The first step towards developing an appropriate ANN for the voltage stability monitoring is clarification of the goal of ANN and the problem in question. The problem defined in previous attempts is: “For a specific system condition, what would be the stability margin?” Specifying system condition includes obtaining system parameters and variables, such as voltage magnitude, active and reactive powers of the loads, etc. However, the problem in question in this paper is: “For a specific system condition and rates of load changes, what would be the stability margin?” The aspect of various load change scenarios is emphasized here since, based on the authors’ experiences, real power systems do not have a unique and identical load increase pattern in all load points. This feature leads to significant deficiencies of the existing ANN models in proper estimation of VSMs.
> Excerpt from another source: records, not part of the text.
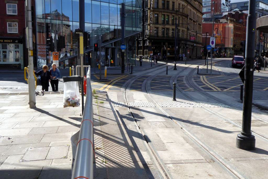 As we approach the final stages of the major Manchester Metrolink city centre closure to allow for rail replacement to take place on the original city crossing its time in this article to take another look at recent progress. Work has now been finished at Shudehill with attention turning towards Market Street and Piccadilly Gardens.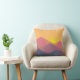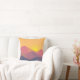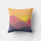 A pillow with a graphic illustration featuring many mountain tops with bright yellow sunlight setting behind the mountains. Made with geometric polygonal shapes.Simple minimalist design. Colours range from dark blue to desert red.
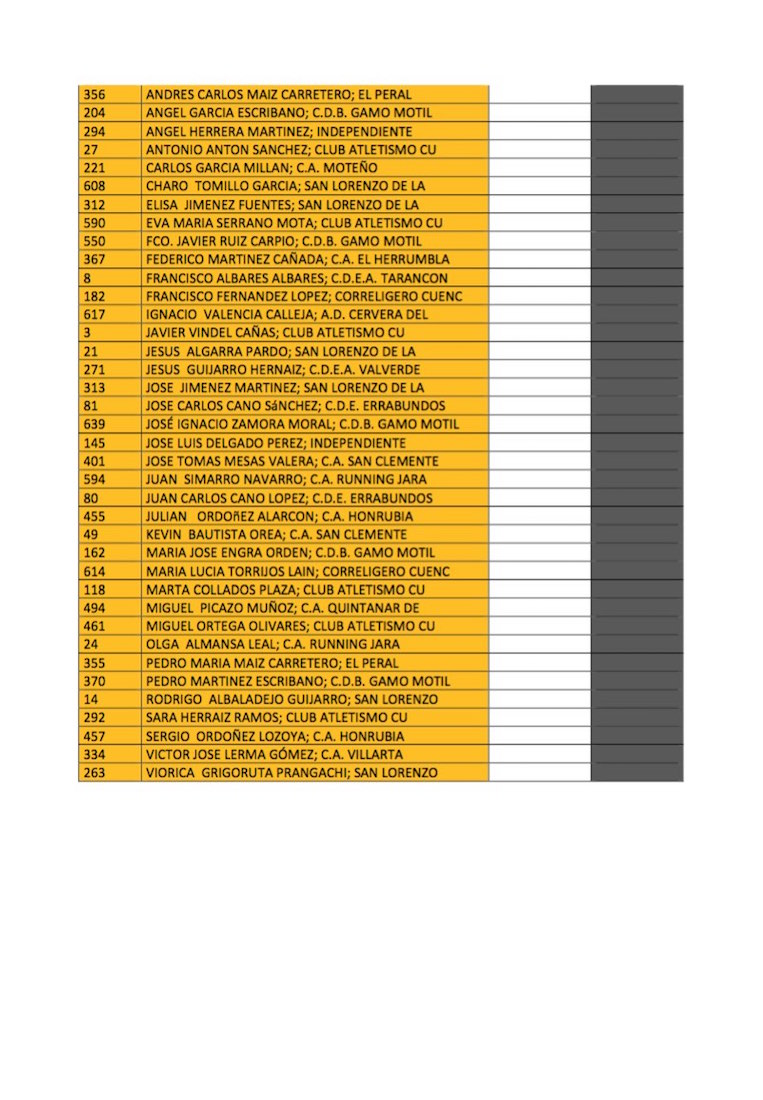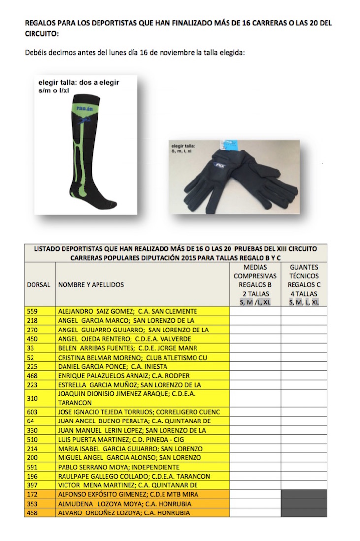 Todos los corredores interesados que aparecen en el listado adjunto, y que hayan completado más de 16 carreras (regalo B, medias) o las 20 del Circuito (regalo B+C: medias y guantes), deben ponerse en contacto con el Servicio de Deportes de la Diputación de Cuenca antes del lunes 16 de noviembre para comunicar la talla que prefieran.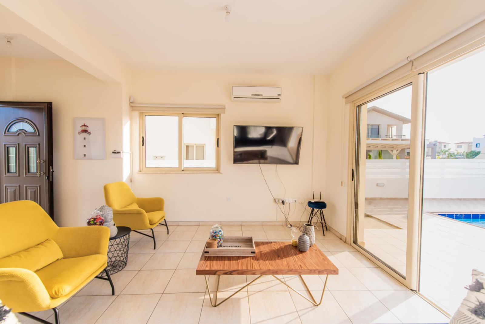 The villa features a beautiful private swimming pool surrounded by a well-maintained outdoor area, creating the ideal setting for relaxation and entertaining. Sea views can be enjoyed from the property, and the beach is just a 10-minute walk or a 2-minute drive away. Local restaurants, cafés, and bars are close by, while Larnaca Airport is conveniently located 63km away—approximately a 50-minute drive.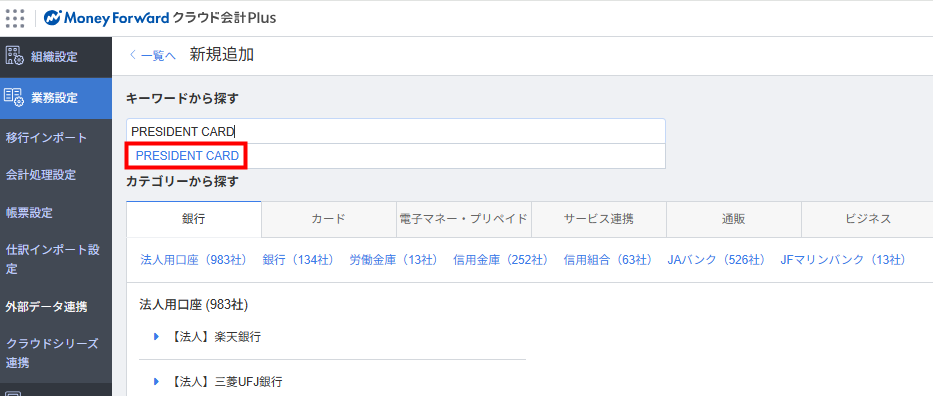 - 「金融機関登録」画面で「PRESIDENT CARD」をクリックします。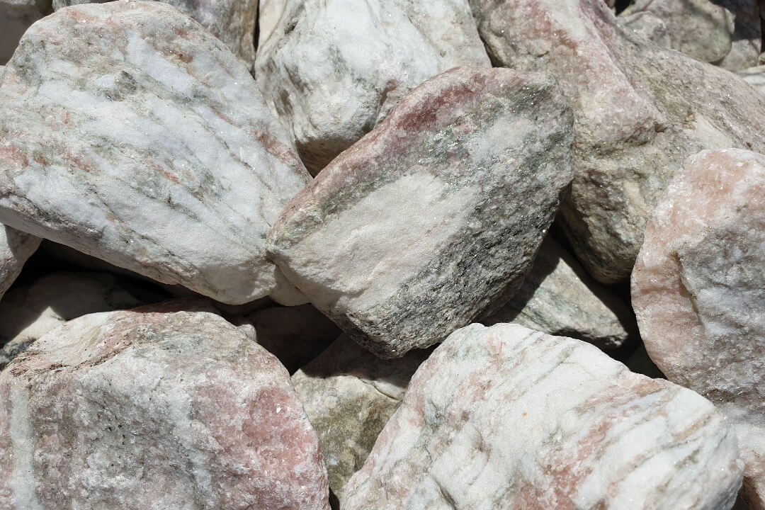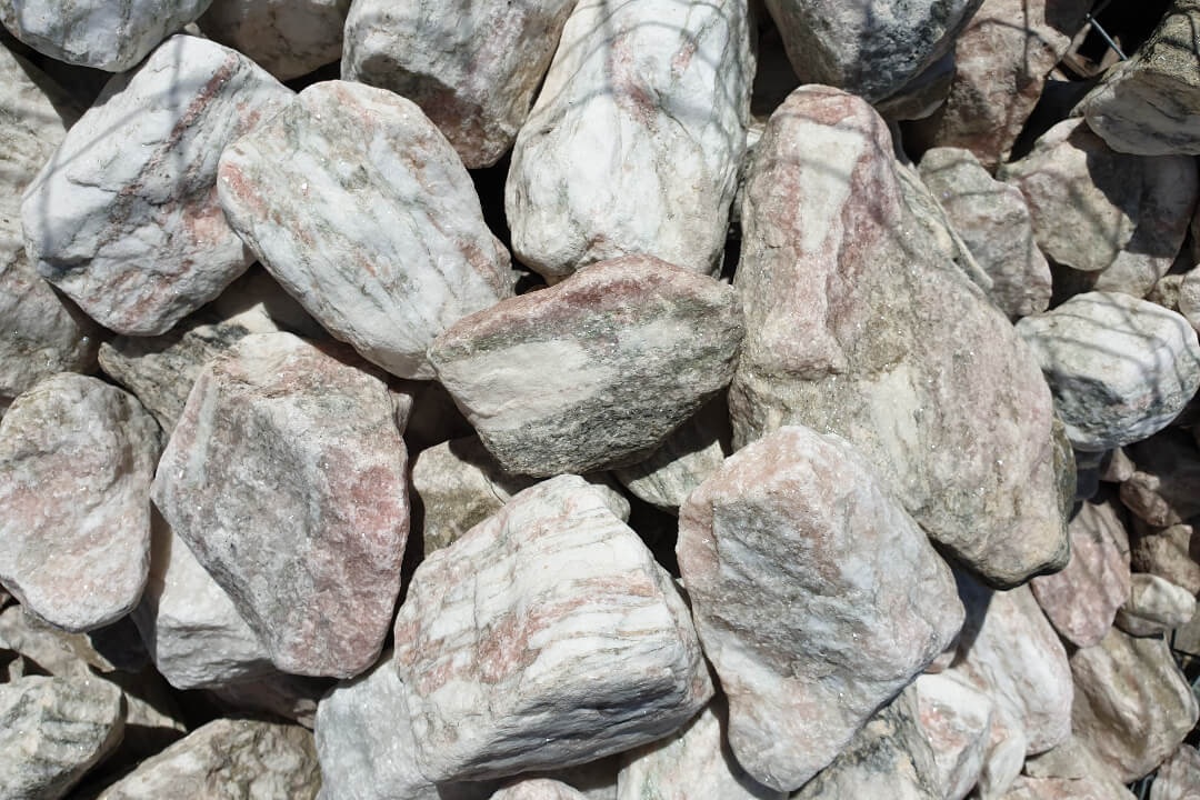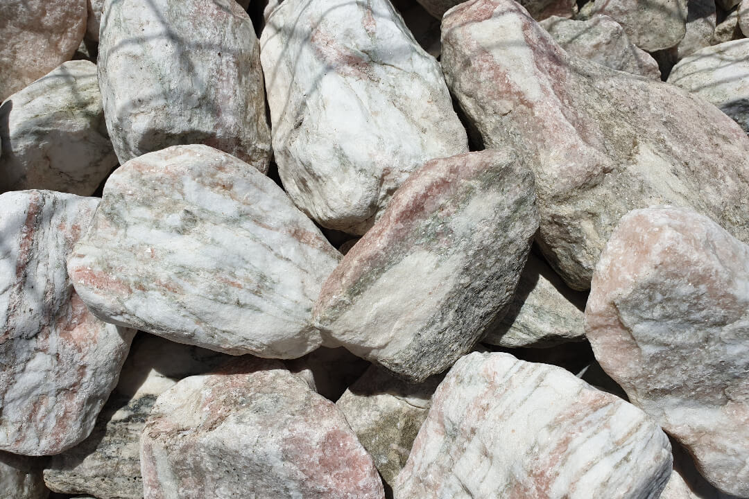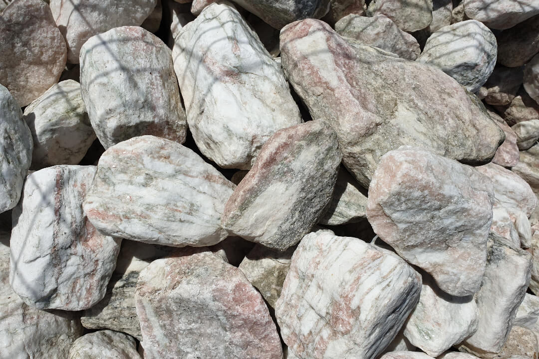 Rosario Rózsa-Fehér Kvarcmárvány Szikla. Méret: 10-20 cm. Színvilág: Rózsa-Fehér. Felhasználás: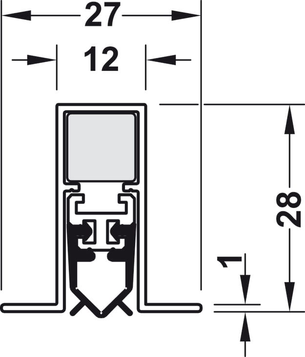 USZCZELKA opadająca DDS12 montowana od dołu, dwustronna, długość: 1130mm, ALUMINIUM KOLOR SREBRNY HÄFELE 950.05.985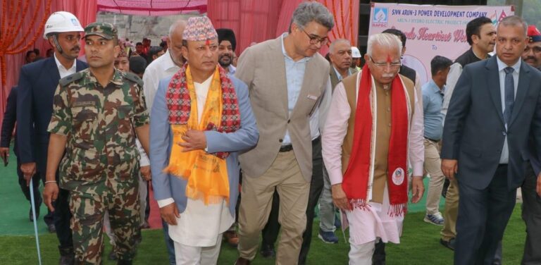 काठमाडौं । ऊर्जा, जलस्रोत तथा सिँचाइमन्त्री दीपक खड्का र भारतका विद्युत्, आवास तथा शहरी मामिलामन्त्री मनोहरलाल खट्टरले अरुण तेस्रो जलविद्युत् आयोजनाको स्थलगत अवलोकन गरेका छन् ।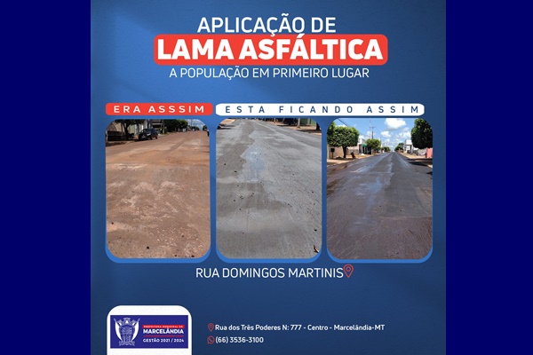 As ruas da cidade de Marcelândia, estão recebendo um novo revestimento asfáltico. A ação é desempenhada pela Prefeitura municipal, por meio da Secretaria de Infraestrutura e Obras, nas última semanas, varias ruas da cidade receberam a lama asfáltica.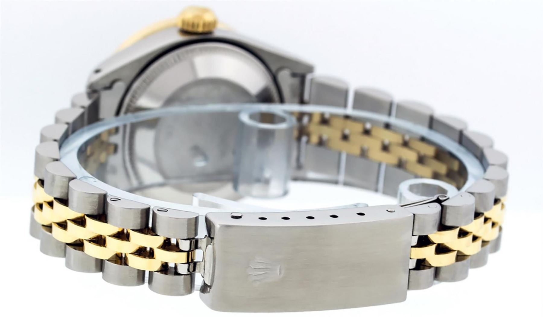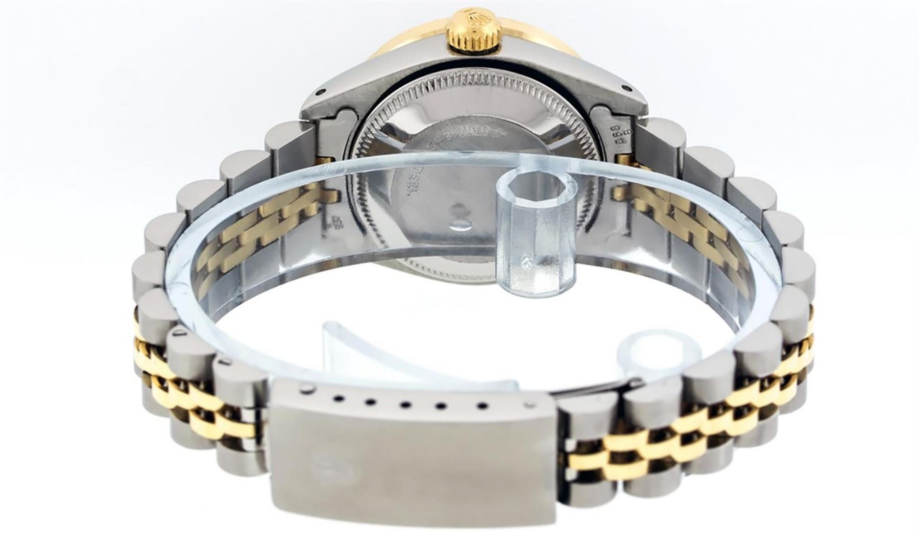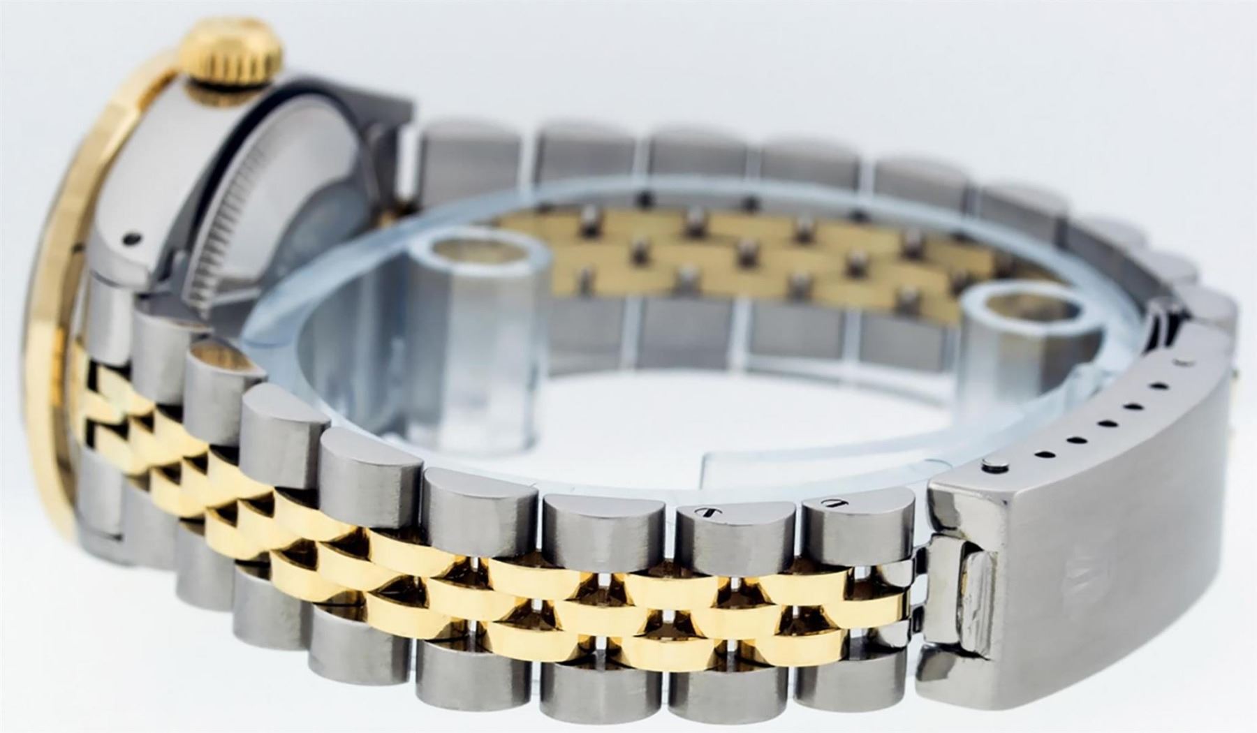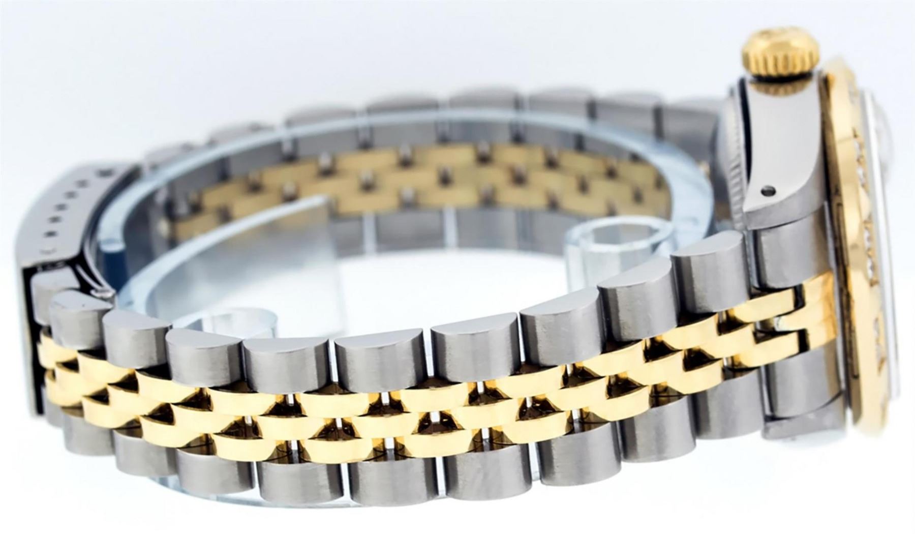 One Ladies Two Tone Rolex Datejust Polished, Serviced & Electronically Tested, Yellow Gold & Stainless Steel Case: 26mm, Yellow Gold Crown, Custom Bezel: New 18K Yellow Gold Pyramid Diamond Bezel, Diamond Count: 24 Diamonds On Bezel, Total Weight .50 Carat, Clarity: Si-VS, Color: G to H. Custom Crystal: New Scratch Resistant Synthetic Sapphire Cyclops Lens. Custom Hands: New Luminescent Hands. Movement: Automatic Winding Movement. Custom Dial: Mother Of Pearl String Diamond Dial. Diamond Count: 43 Diamonds On Dial, Clarity: SI-VS, Color: G to H. Date Window: 3 O'Clock Position Date Display, Model: Datejust. Condition: G-6 Extra Fine. Bracelet: Two Tone Yellow Gold & Stainless Steel Jubilee. Bright Polish. 6.0 Inch Length, Adjustable. Standard Clasp, With Rolex Logo. This Watch Has Been Serviced Time Tested And Is In Excellent Condition It Is Free Of All Scratches And Dents.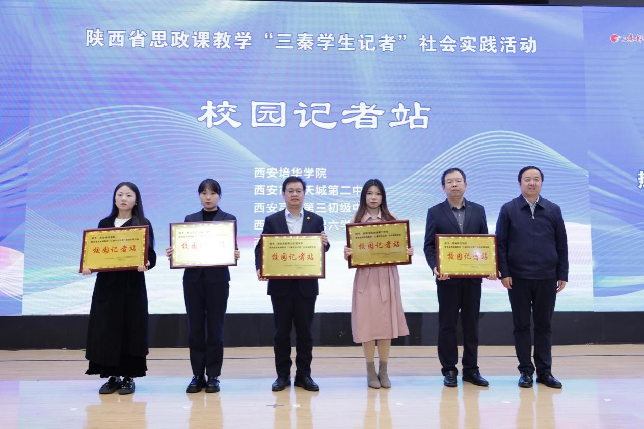 西安培华学院合作发展中心主任柳雨、传媒与设计学院常务副院长徐莹以及来自三秦都市报的嘉宾们为新一批陕西省思政课教学“三秦学生记者”社会实践活动的试点学校、示范学校、优秀合作单位、采访实践基地、校园记者站及优秀辅导员、十佳三秦学生记者等颁奖,推动“三秦学生记者”各项工作持续走深走实。其中,学校传媒与设计学院党委书记王飞代表培华领取奖牌。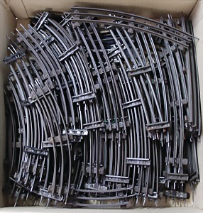 2 Kart. Gleißmaterial, Spur 0, elektr. Ausführung, gerade und gebogen, bespielt, etwas angelaufen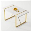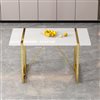 Clihome White Minimalist Retro Rectangular Fixed Composite Dining Table with Gold Pedestal Base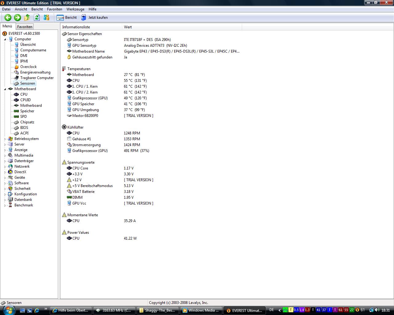 Aber sobald ich jetzt den FSB von 314Mhz auf nur 316 stelle dann hat der auf einmal unter Vollast ca 60°? nur wegen 2Mhz FSB kann der doch nicht 7° wärmer werden...ich glaube so langsam das ich eher einen schlechten CPU erwischt habe...kann das sein? oder evtl Problem mit dem Gigabyte P45 DS3...neustes Bios habe ich drauf 8F ist das soweit ich weiß.....ich lass es jetzt mal so ich hab alles versucht und komme nicht weiter.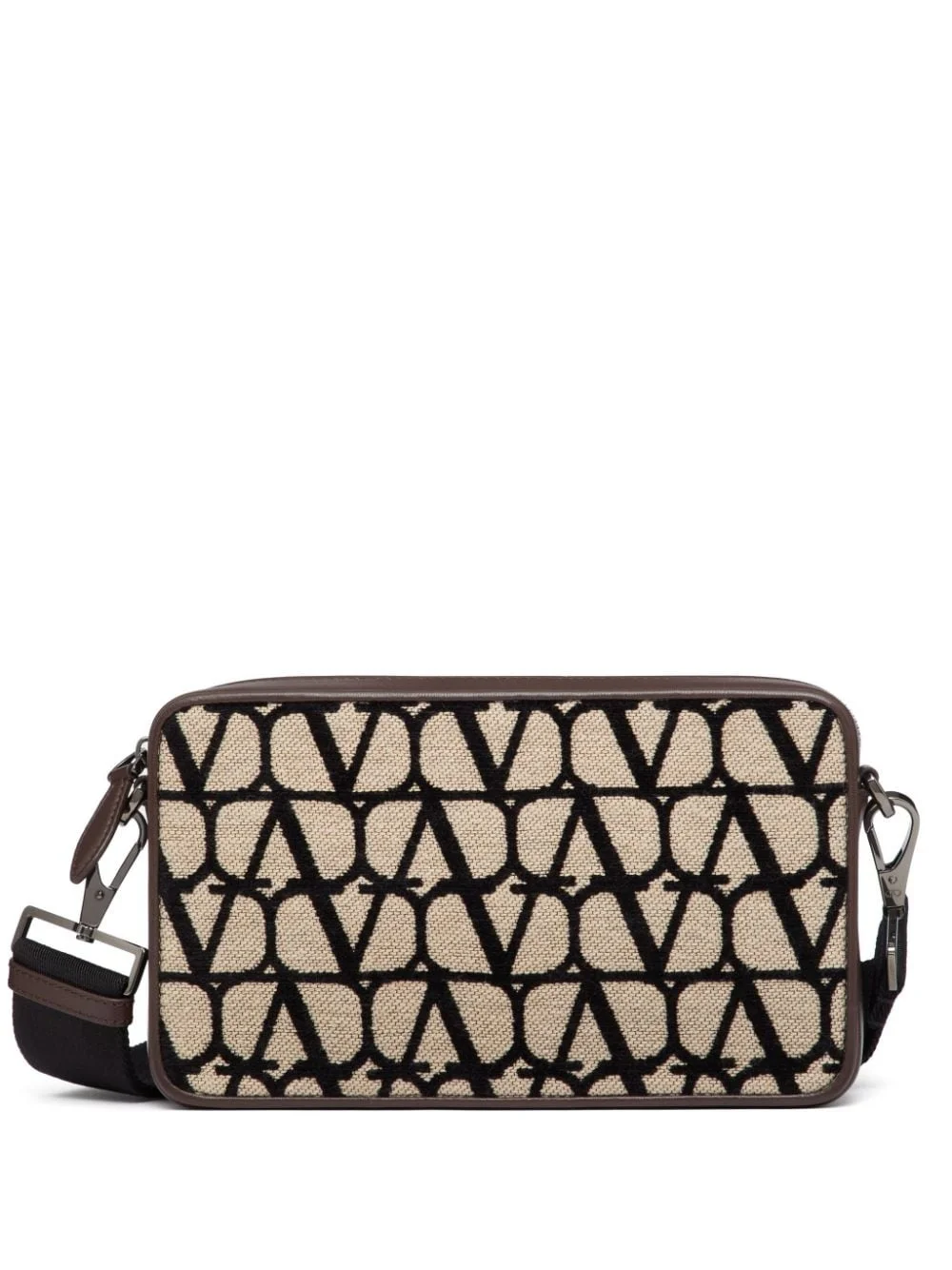 Toile Iconographe shoulder bag Valentino Garavani's Toile Iconographe is an optical pattern that plays on the VLogo Signature. It covers this shoulder bag, which is jacquard-woven and trimmed with smooth leather. Highlights - Beige/black/brown - Cotton blend - Leather trim - Toile iconographe pattern - Detachable shoulder strap - Top zip fastening - Main compartment Made in Italy Composition Outer: Goat Skin 100%, Cotton 40%, Viscose 33%, Polyester 27% Lining: Lambskin 100% Metal 100% SIZE & FIT Measurement DEPTH 2.75 in(7 cm) HEIGHT 6.29 in(16 cm) WIDTH 9.84 in(25 cm) Washing instructions Read Manufacturer Guidelines

Neither increasing ANN training samples nor applying different configuration of ANN could handle this complexity. To overcome this difficulty, the rates of various load changes should be predicted and inserted as inputs into the ANN.

To compute VSM, MATLAB-based open source software tool PSAT is employed by applying CPF method on sample cases. After generating appropriate sample cases for training, validating, and testing the designed ANN, MATLAB neural network toolbox is employed to estimate VSM [21, 24].

3.1 ANN structure

In this study, the standard multilayer perceptron (MLP) neural network consisting of one input layer, one output layer, and one hidden layer including 10 neurons is employed to predict VSM of the power system shown in Fig. 3. The Levenberg-Marquardt back-propagation algorithm is selected for the training phase of ANN.
Fig. 3

Simplified diagram of MLP neural network

3.2 Input variables selection

The issue of selecting input variables is a basic and determinative aspect in obtaining the best performance of the model. Regarding ANNs, there is no straight method to specify which input could lead the model to the highest efficiency [25]. The difficulty of selecting input features is due to the following items:
  1. 1)

    There are many available variables of which those improving performance of the model should be selected.

  2. 2)

    Selected variables should have less correlation to avoid redundancy.

  3. 3)

    Selected variables should have a potential in estimation of VSM; worthless features may even lead to malfunction.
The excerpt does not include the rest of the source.